===== Source material =====
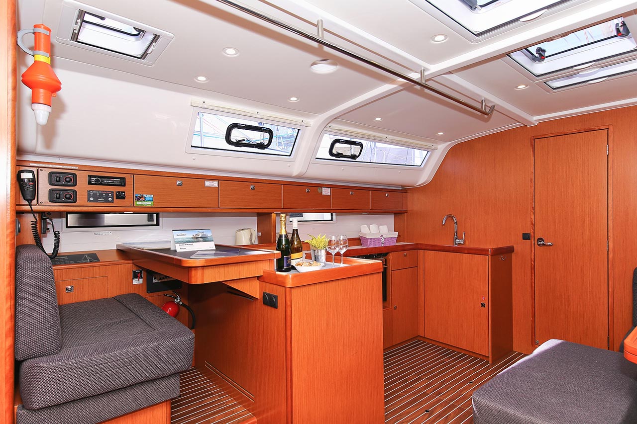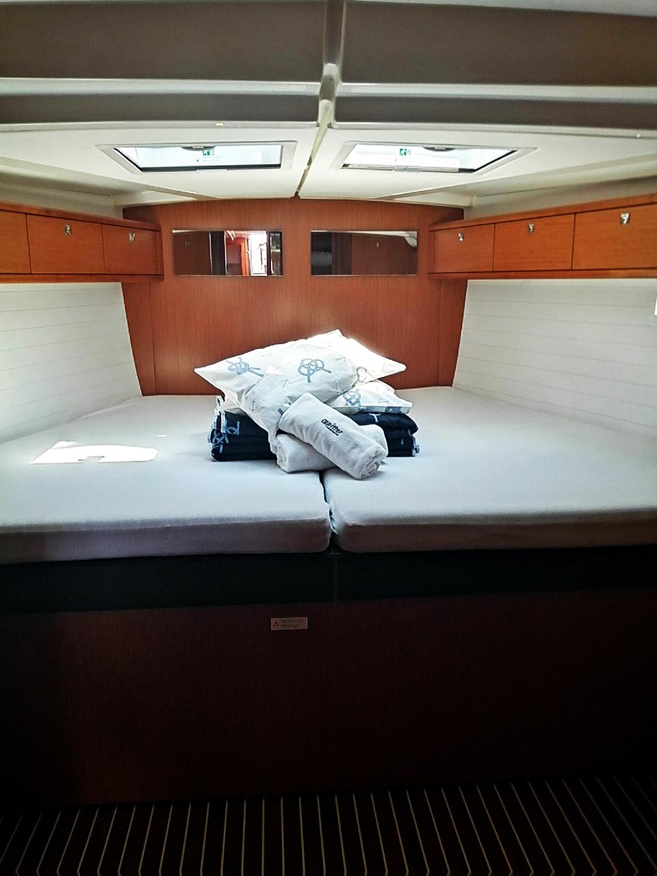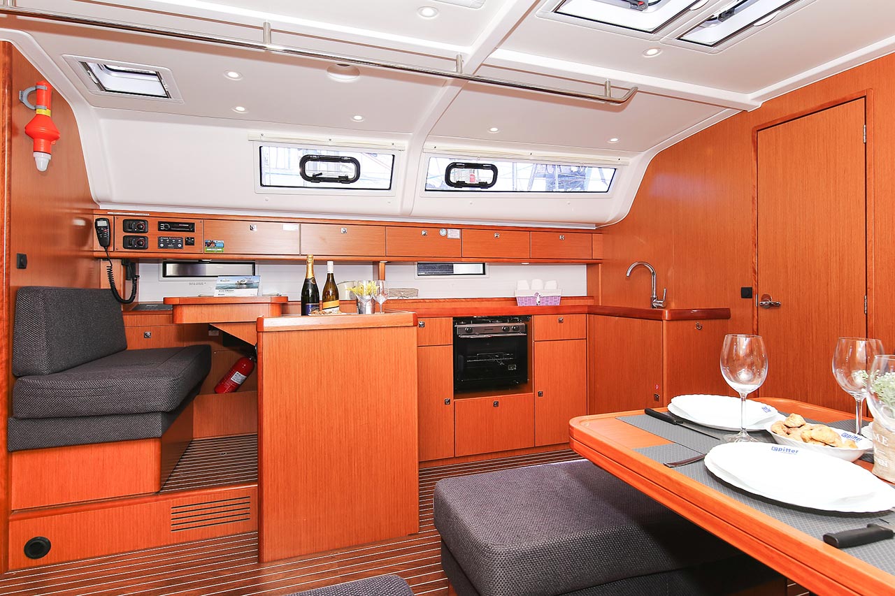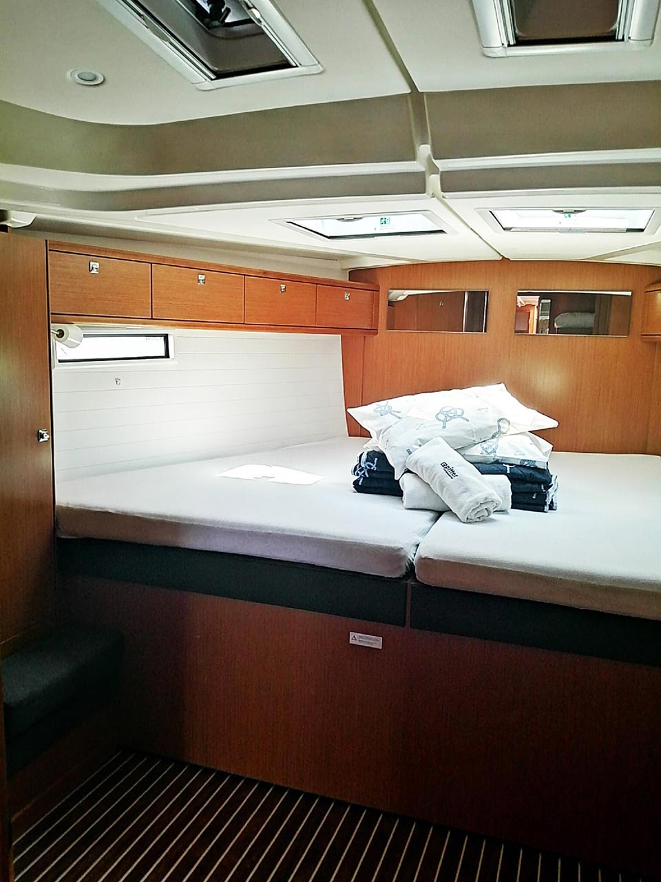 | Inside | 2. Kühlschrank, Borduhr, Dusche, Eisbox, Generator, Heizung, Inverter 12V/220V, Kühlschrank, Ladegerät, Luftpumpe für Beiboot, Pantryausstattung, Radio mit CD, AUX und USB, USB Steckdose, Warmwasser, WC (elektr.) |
=====
===== Source material =====
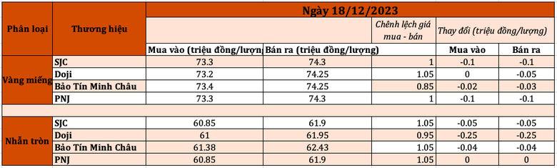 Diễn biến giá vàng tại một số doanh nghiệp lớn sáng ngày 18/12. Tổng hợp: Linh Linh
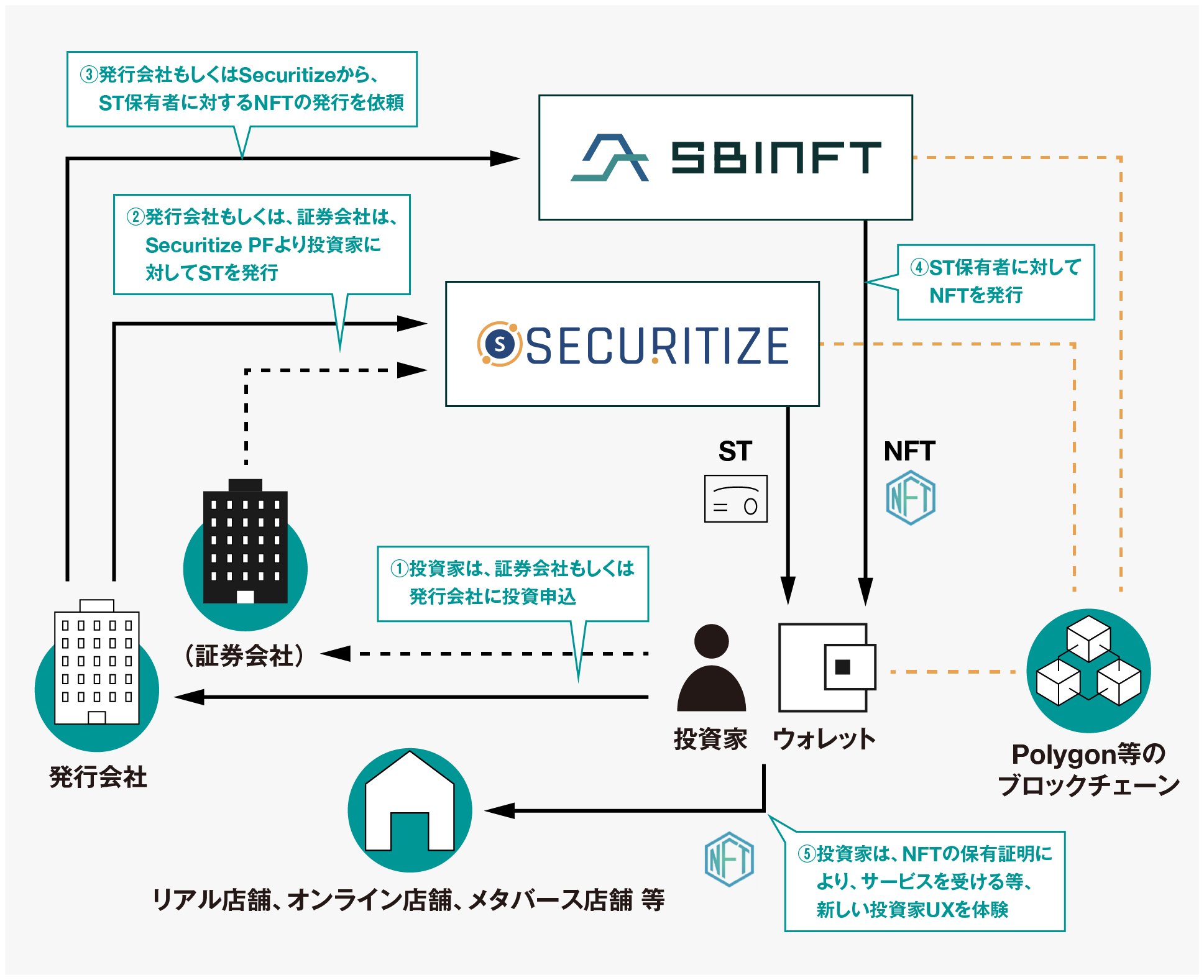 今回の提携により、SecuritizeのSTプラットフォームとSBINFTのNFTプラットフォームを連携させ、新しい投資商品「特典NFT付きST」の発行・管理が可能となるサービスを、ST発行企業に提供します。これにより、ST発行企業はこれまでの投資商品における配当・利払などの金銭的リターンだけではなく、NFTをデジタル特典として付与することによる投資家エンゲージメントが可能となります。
=====
Brief >>
In the data above, find the line containing "Diễn biến giá" and the line containing "今回の提携により、Secur". Copy exactly the stretch from the first through the second, both included, leaving out any picture.

Task solution >>
 Diễn biến giá vàng tại một số doanh nghiệp lớn sáng ngày 18/12. Tổng hợp: Linh Linh
 今回の提携により、SecuritizeのSTプラットフォームとSBINFTのNFTプラットフォームを連携させ、新しい投資商品「特典NFT付きST」の発行・管理が可能となるサービスを、ST発行企業に提供します。これにより、ST発行企業はこれまでの投資商品における配当・利払などの金銭的リターンだけではなく、NFTをデジタル特典として付与することによる投資家エンゲージメントが可能となります。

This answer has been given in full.